Ontario’s pediatric care system is under similar strain. Earlier Monday, its chief medical officer of health recommended people wear masks in all public settings and said he is considering making it mandatory in schools again.

Alberta schools are seeing spikes in absenteeism due to a wave of illnesses, including COVID-19, the flu and RSV, while the Alberta Children’s Hospital in Calgary and the Stollery Children’s Hospital in Edmonton are dealing with a crush of patients, some seriously ill.

“In-patient units at both pediatric sites are at or over 100 per cent of their normal beds and we are adding staff to increase beyond their normal capacity as at any peak time,” Kerry Williamson, spokesman for Alberta Health Services, said in a statement.

“The (Alberta Children’s Hospital) emergency department has seen more than 300 visits a day recently, compared to about 180-220 prior to the recent surge in visits.”

Williamson said the hospitals are trying to reduce the number of patients by working to free up staff and resources in other units.

School officials estimate more than three quarters of Edmonton’s public schools have seen recent absenteeism rates above 10 per cent, enough to trigger an AHS investigation into an infectious disease outbreak. About 10 per cent or more of students in Calgary have been absent in recent days.

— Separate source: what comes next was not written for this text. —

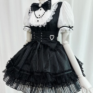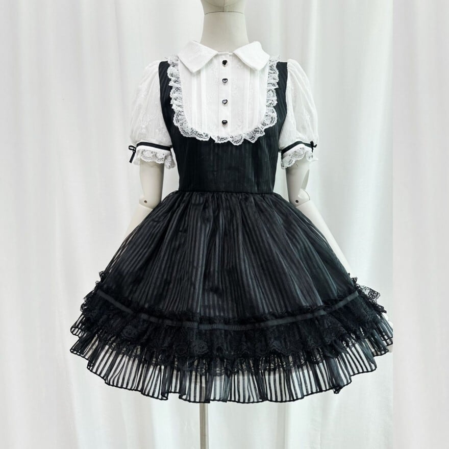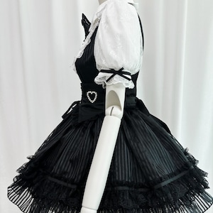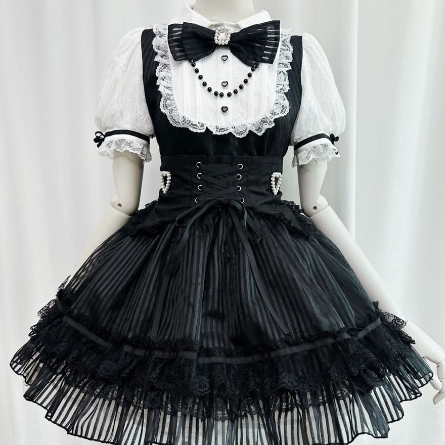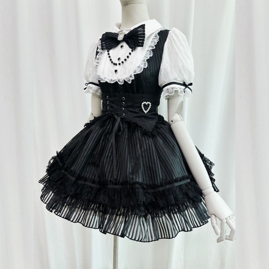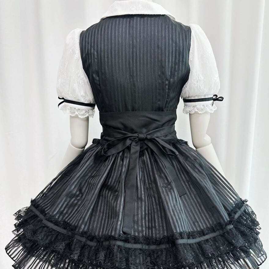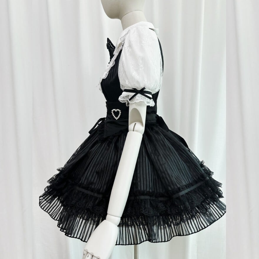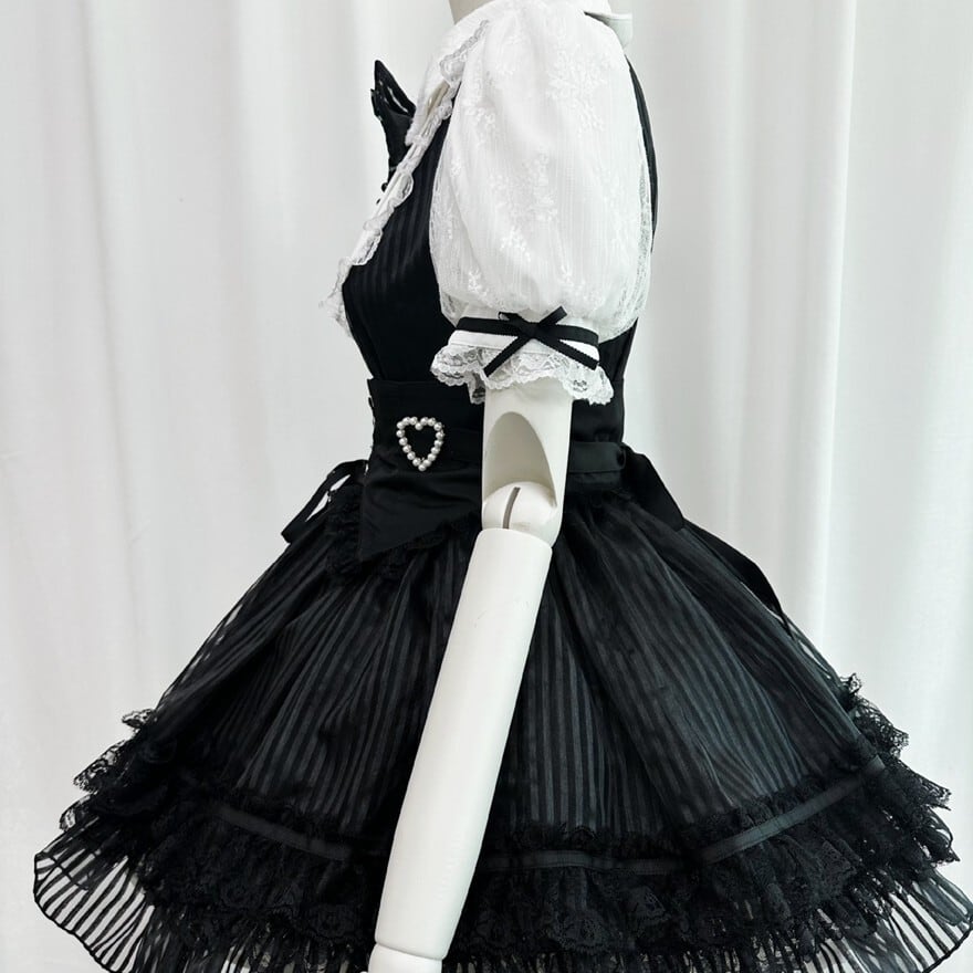 オフホワイトのパフスリーブブラウスと、ブラックのストライプ柄スカートが一体となった、クラシカルロリータのワンピースです。

Smith has been critical of COVID-19 mask rules in schools, saying they adversely affected the mental health, development and education of students.

She has also been sharply critical of how Dr. Deena Hinshaw, Alberta’s chief medical officer of health, and Alberta Health Services handled the COVID-19 pandemic, blaming it for bad advice, for forcing its workers to get COVID-19 vaccines and for failing Albertans when the health system came close to collapse during multiple waves of the pandemic.

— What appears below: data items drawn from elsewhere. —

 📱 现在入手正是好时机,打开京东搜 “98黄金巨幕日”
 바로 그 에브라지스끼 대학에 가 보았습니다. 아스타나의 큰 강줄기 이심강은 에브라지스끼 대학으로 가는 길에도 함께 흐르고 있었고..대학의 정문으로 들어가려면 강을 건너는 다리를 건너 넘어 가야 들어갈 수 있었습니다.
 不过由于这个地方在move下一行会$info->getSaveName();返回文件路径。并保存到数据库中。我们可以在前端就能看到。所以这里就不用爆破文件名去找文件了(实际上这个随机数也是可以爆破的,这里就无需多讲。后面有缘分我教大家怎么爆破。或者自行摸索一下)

Smith has promised to reorganize the entire governance structure of AHS by mid-January and said Monday that announcements will begin rolling out this week.

The premier has said she supports COVID-19 documents like the Great Barrington Declaration, which has been dismissed by Hinshaw and the World Health Organization as scientifically unsound.

The declaration urges protecting the old and frail but otherwise letting COVID-19 run free to build up herd immunity and keep society operating while preventing the longer-term consequences of isolation on people’s mental health. Sweden, Florida and South Dakota used this approach during COVID-19 at the expense of comparatively higher COVID-19 case and death rates.

Smith also announced earlier this month that her team of medical advisers was linking up with Dr. Paul Alexander and that she’s was “interested in hearing what (Alexander) has to say.”

Alexander advised former U.S. president Donald Trump, has pushed hard for herd immunity and accuses COVID-19 vaccines of being “bioweapons.”

Asked by reporters Monday why she wants to hear from Alexander or what role he would play, Smith declined to answer.

“I’ve not consulted him,” she said. “I have a doctors advisory committee that is talking to lots of doctors, consulting widely. They’ll be the ones who are advising me, and I’ll announce them in the coming days.”

NDP health critic David Shepherd said the United Conservative government needs to get a handle on the situation, better communicate the state of the outbreak, and make it clear who is calling the shots.

“Albertans are left somewhat bereft of knowing who is actually making these decisions on public health care,” said Shepherd.

“(The premier) has invited someone like Paul Alexander.

“Is he having any influence on the system? We don’t know.

“We need to get a clear picture from the premier, from our minister of health, (on) who is steering the ship.”